### EXERCISE
When copying the listing below, skip every picture and repeat exactly the lines from the first one through the line that contains "3.鍋內倒水煮開後,加鹽,焯熟玉米粒、秋葵、胡蘿卜和百合。".
== RECORDS FOR PROCESSING ==
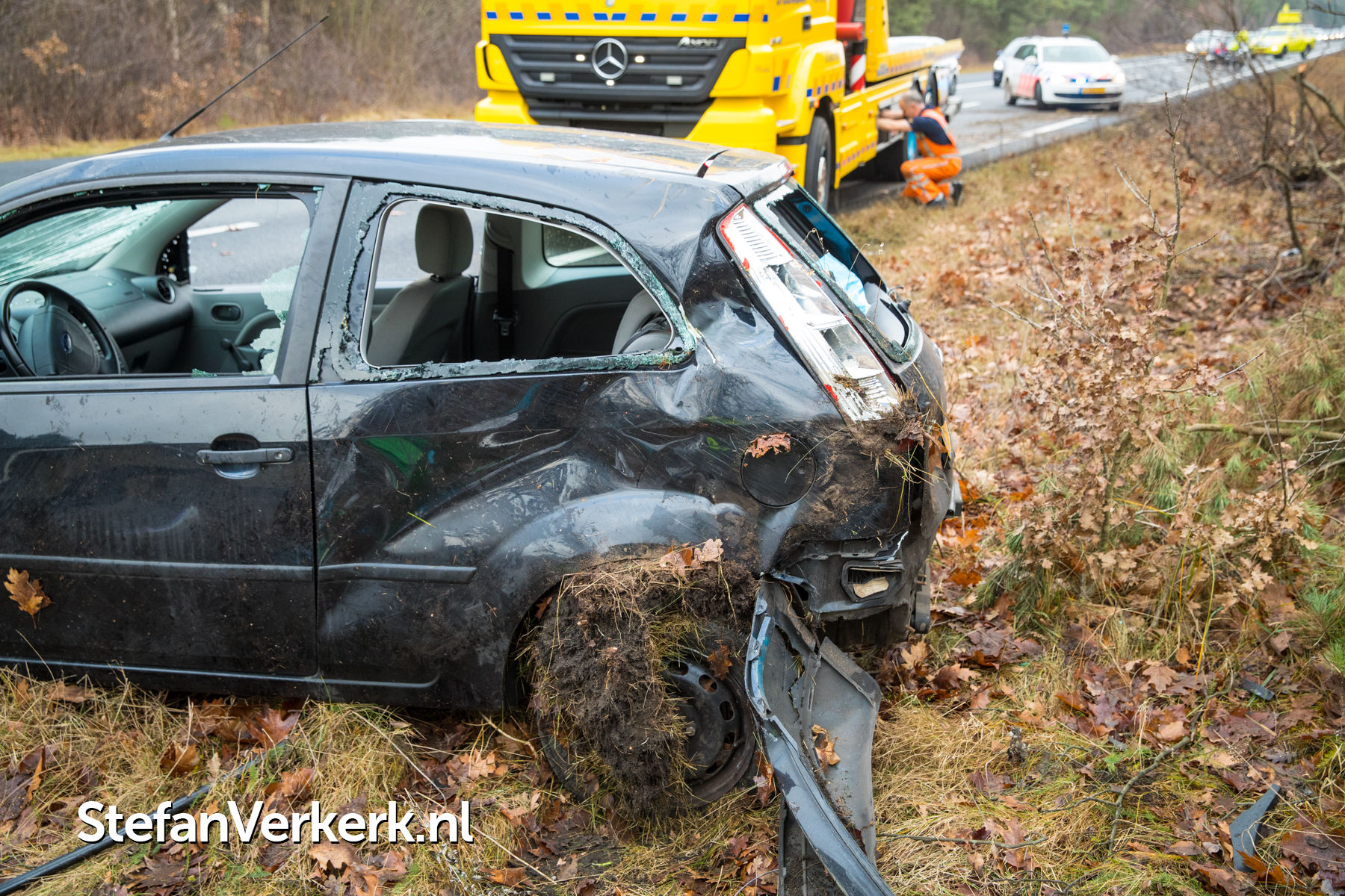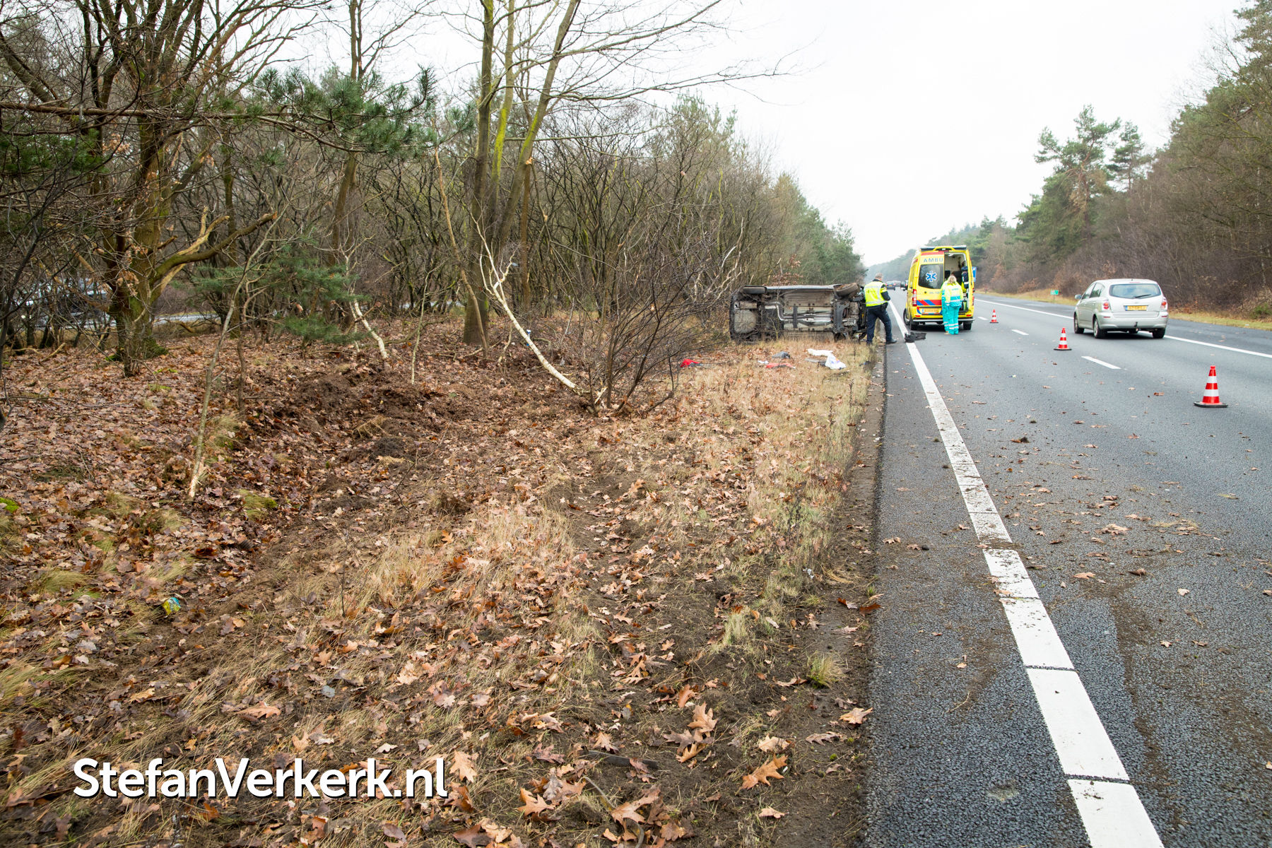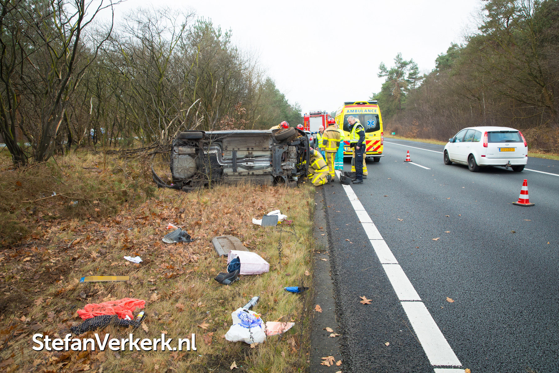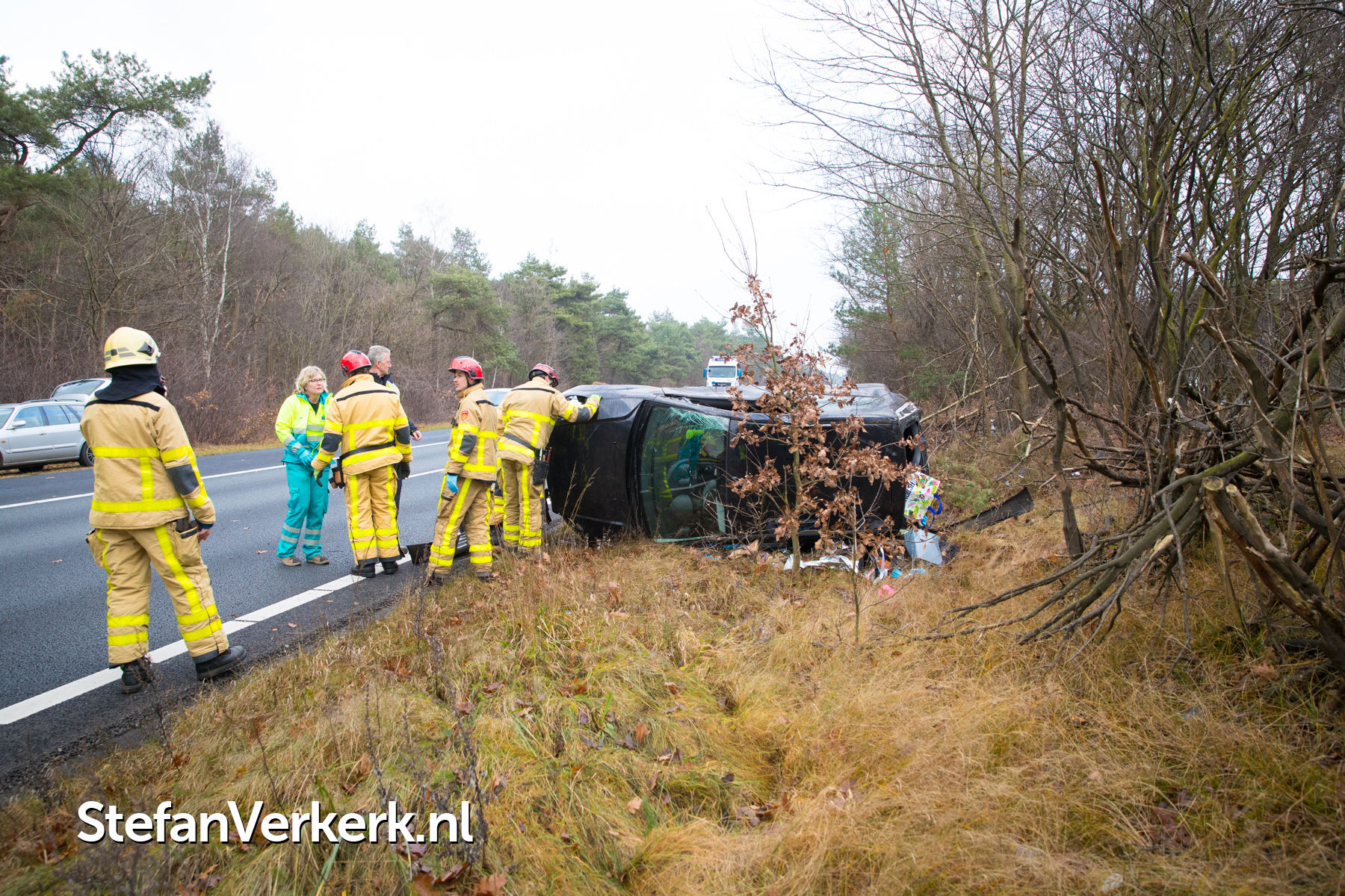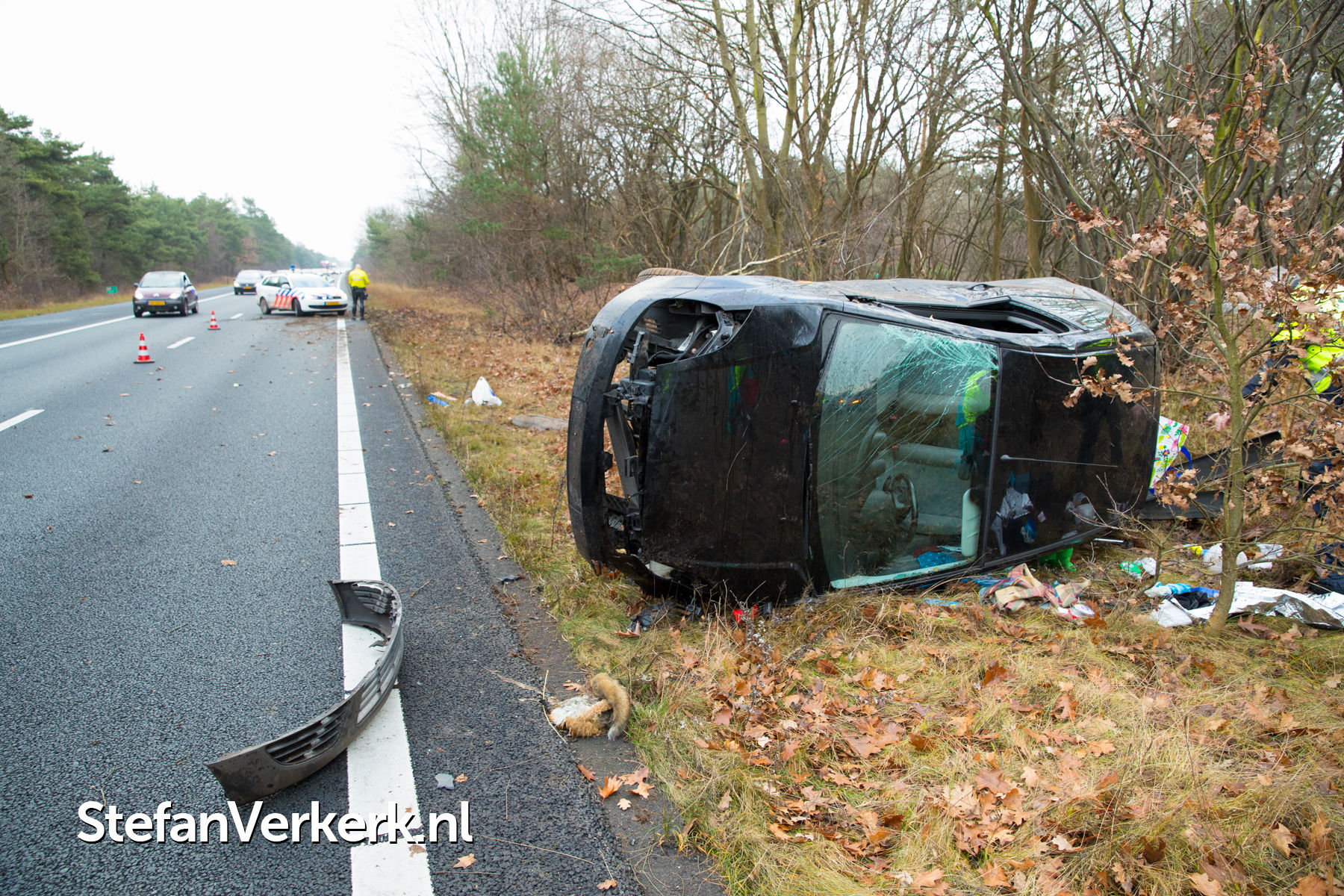 Foto's: Ongeval auto over de kop A28 L 76,4 Wezep
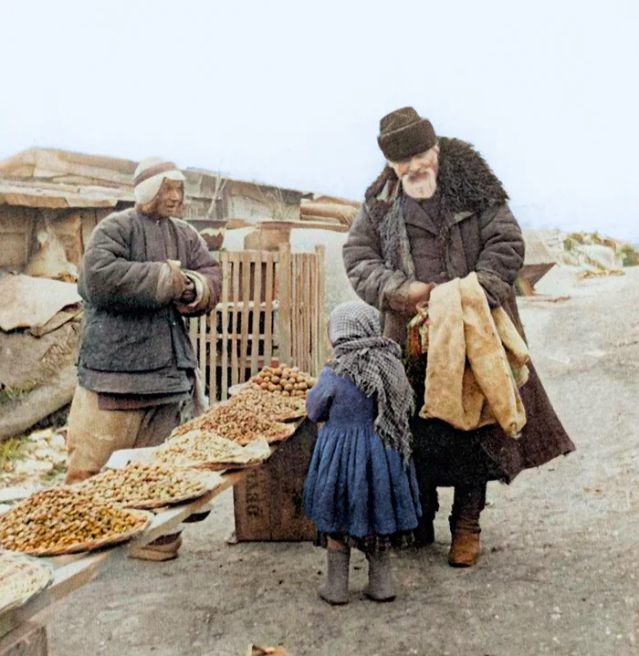 Дедушка с внучкой выбирают орехи, 1903 год.
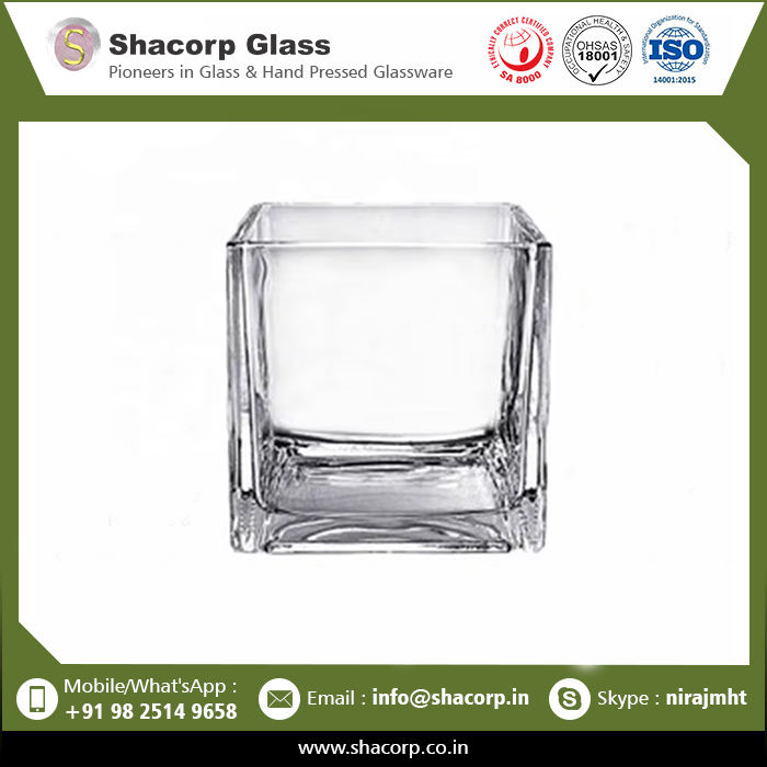 Votive en verre carré personnalisé de style de luxe disponible à un prix raisonnable de l'Inde
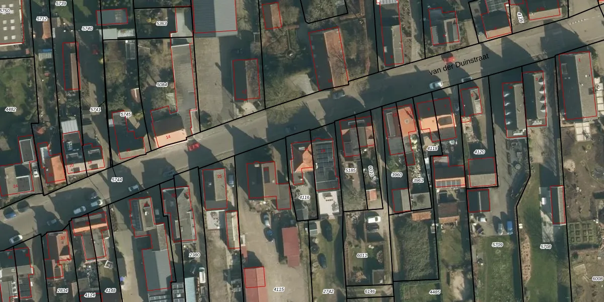 van der Duinstraat 21 is gelegen op kadastraal perceel SPR01B4116. Deze kadastrale aanduiding is uniek en wordt gebruikt door het Kadaster om eigendomsrechten en andere zakelijke rechten vast te leggen. Het perceel maakt onderdeel uit van de kadastrale gemeente Sprang.
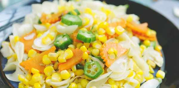 3.鍋內倒水煮開後,加鹽,焯熟玉米粒、秋葵、胡蘿卜和百合。
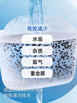 德国的Brita碧然德是过滤水系统行业的领头羊,这款Marella 海洋系列滤水壶容量为3.5L,每次可过滤2L,采用BPA-Free无毒塑料,防滑手柄,橡胶软脚,指压式开闭注水口,不用打开上盖就可加水,使用比较方便。顶部带有电子计数器,可以根据已过滤的水量、使用时间,以及水的硬度来显示滤芯状态,做出是否更换滤芯提示。过滤水符合国际标准ANSI/NSF53号和42号的要求,可以过滤NSF认证的多种有害污染物,并且去除自来水中的氯气等味道,让水的口感更好。滤芯方面,德国原装进口的Maxtra+,比传统的一代滤芯在过滤能力方面增加了20%,还改良了MicroFlow Technology 微流控技术,使水的味道比以往更好。滤芯中所含的活性炭,能有效过滤水中的重金属、水碱、杀虫剂、有机杂质、氯气和异味。离子交换树脂降低的引致石灰垢的硬度物质,并减少铝、铜和铅等金属的含量,滤水壶只会滤除硬水成份的矿物质,但它并不会把水中的所有矿物质都过滤掉,反而会保有一些有益矿物质及微量元素,适用多种型号滤水壶。滤芯使用寿命4周/100升,但也需视水质不同而定,适合2~3人使用。
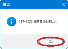 | (13) | 「○件の明細を置換しました。」という確認メッセージが表示されますので、[OK]ボタンをクリックします。 |
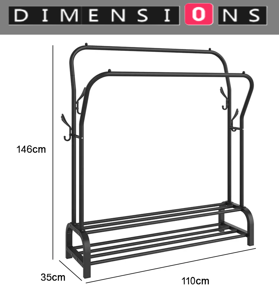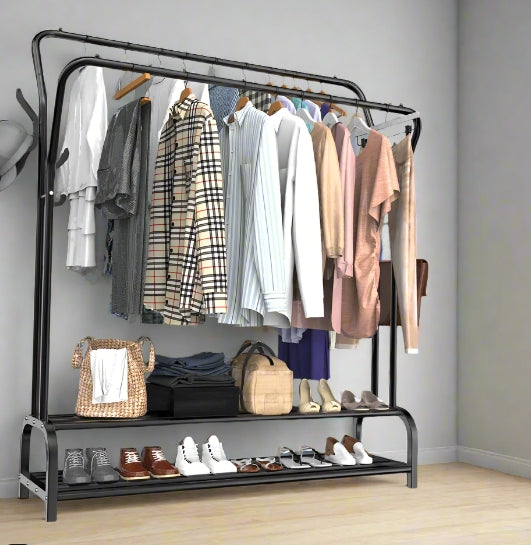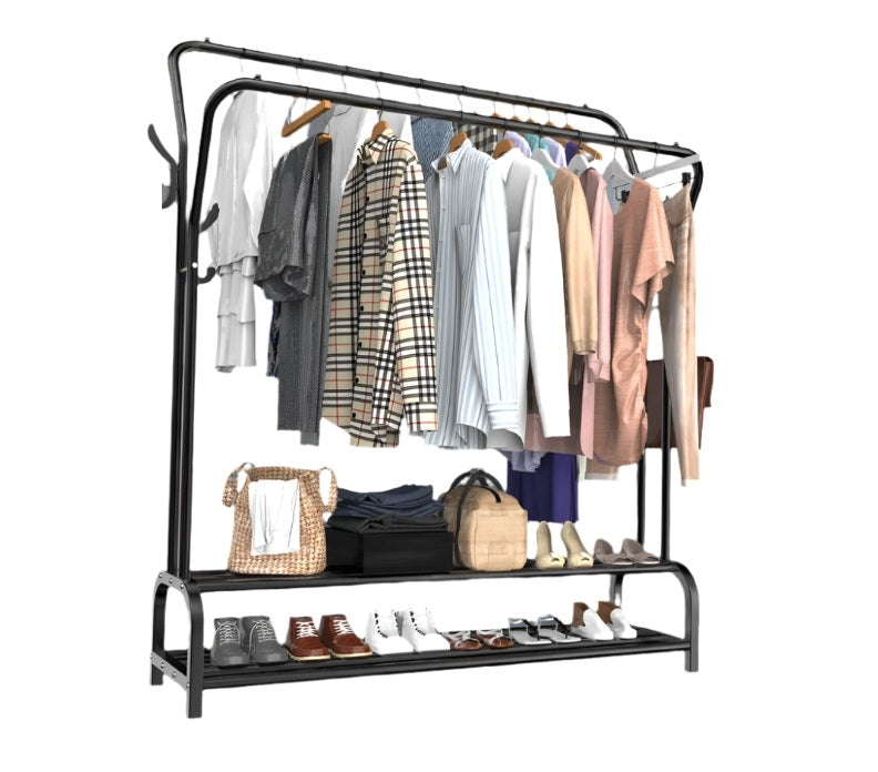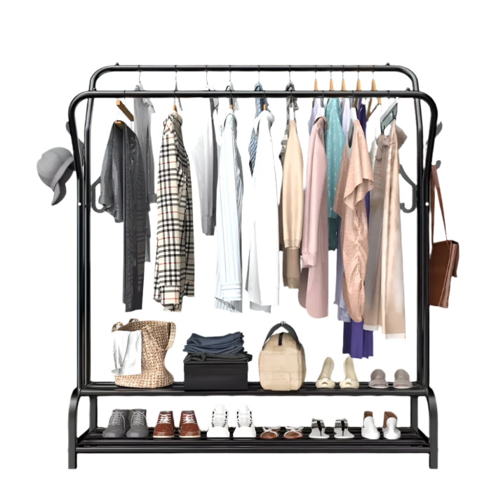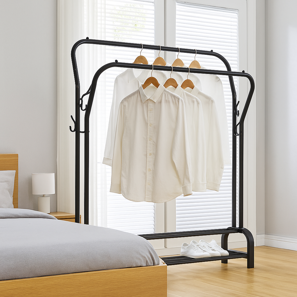 Organize your wardrobe in style with this Heavy Duty Double Rail Clothes Rack, designed for homes, bedrooms, and retail displays. Made from rust-proof thick steel tubing, this modern freestanding garment stand offers long-lasting strength and impressive load capacity up to 50kg – ideal for hanging coats, suits, and dresses without bending or wobbling.
===
### ANSWER SPACE
 Foto's: Ongeval auto over de kop A28 L 76,4 Wezep
 Дедушка с внучкой выбирают орехи, 1903 год.
 Votive en verre carré personnalisé de style de luxe disponible à un prix raisonnable de l'Inde
 van der Duinstraat 21 is gelegen op kadastraal perceel SPR01B4116. Deze kadastrale aanduiding is uniek en wordt gebruikt door het Kadaster om eigendomsrechten en andere zakelijke rechten vast te leggen. Het perceel maakt onderdeel uit van de kadastrale gemeente Sprang.
 3.鍋內倒水煮開後,加鹽,焯熟玉米粒、秋葵、胡蘿卜和百合。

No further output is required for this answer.